Still, at a time when immigration and border control are in the daily headlines, it surprises some observers that the United States has no way to track when and where a visa holder leaves the country or has complied with the visa's terms.
"If you are issuing time-limited visas but have no way of tracking the departures, what is the point?" Vaughan said.
Past and present U.S. Visit officials share in the frustration. Jim Williams, former director of U.S. Visit, told Washington Technology recently that he wished the program was further along. Williams left DHS to become commissioner of the Federal Acquisitions Service at the General Services Administration.
Many governments, including Australia, Hong Kong and Singapore, track entries and exits of all visitors. In 1996, three years after the first attack on the World Trade Center, Congress asked immigration officials to set up such systems in the United States.
In 2003, DHS was created, encompassing immigration programs, and U.S. Visit debuted, built on legacy computer systems. By December 2004, U.S. Visit entry procedures were deployed at air and seaports and at the 50 busiest land ports.
Since January 2004, the department has done pilot exit programs, which over time expanded to include 12 airports, two seaports and five land ports.
But results of those exit tests were mixed, said at least one executive familiar with them.
At the airports, for example, departing visa holders were told to deposit forms in a standalone kiosk to indicate their exit. Penalties for failing to comply included possible questioning by U.S. authorities.
Compliance rates were more than "50 percent, but not in the 80s or 90s," according to the executive, who asked to remain unidentified.
Major issues
A big problem at the airports is the lack of infrastructure, personnel and space for installing and operating exit control stations. Another problem is the great difficulty in reconfiguring airport operations to embed an exit component for the Transportation Security Administration, customs, visa holders and immigration, the executive said.
At the land borders, DHS tested a system in which it assigns foreign visitors a Form I-94 with a radio frequency identification tag. As of Dec. 31, 2005, U.S. Visit had issued 149,414 such forms to travelers. Upon leaving the United States, the RFID tag on the I-94 is scanned to record the person's departure.
However, in practice, the test presented numerous technical challenges in correctly recording I-94 forms that may be tucked into a briefcase or pocket or carried in vehicles traveling up to 50 miles per hour, the executive said.
With unresolved technical and policy issues, designing a comprehensive exit strategy for U.S. Visit is complex, the executive said.

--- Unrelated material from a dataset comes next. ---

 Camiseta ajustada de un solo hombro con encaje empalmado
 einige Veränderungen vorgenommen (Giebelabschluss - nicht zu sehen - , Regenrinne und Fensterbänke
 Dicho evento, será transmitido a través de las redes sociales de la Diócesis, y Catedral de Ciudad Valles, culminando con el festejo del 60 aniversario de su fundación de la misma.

"It is a fairly significant problem," the executive said, "and will demand a substantial investment. Even if the technology were available, the country has never had an inspection process [before exiting] at the airports or the borders."
Because of such problems, DHS officials are likely to propose a limited exit program rather than a comprehensive one, he said.
Other observers said that such caution is justified, given the scale of the effort involved to track visitor exits and the likely high cost of the endeavor.
"I don't think we are even close to a solution," Carafano said. "People have not thought through all the variations of how to do this."
Even if the information on exits were collected successfully, it is not clear whether anything could be done immediately to pursue visa holders who have overstayed their visits.
"Congress has made this a simplistic requirement divorced from reality," Carafano said.
But other experts, including the Center for Immigration Studies' Vaughan, disagree.
"The idea that this is undoable is simply silly, when you consider the technology that is available," she said.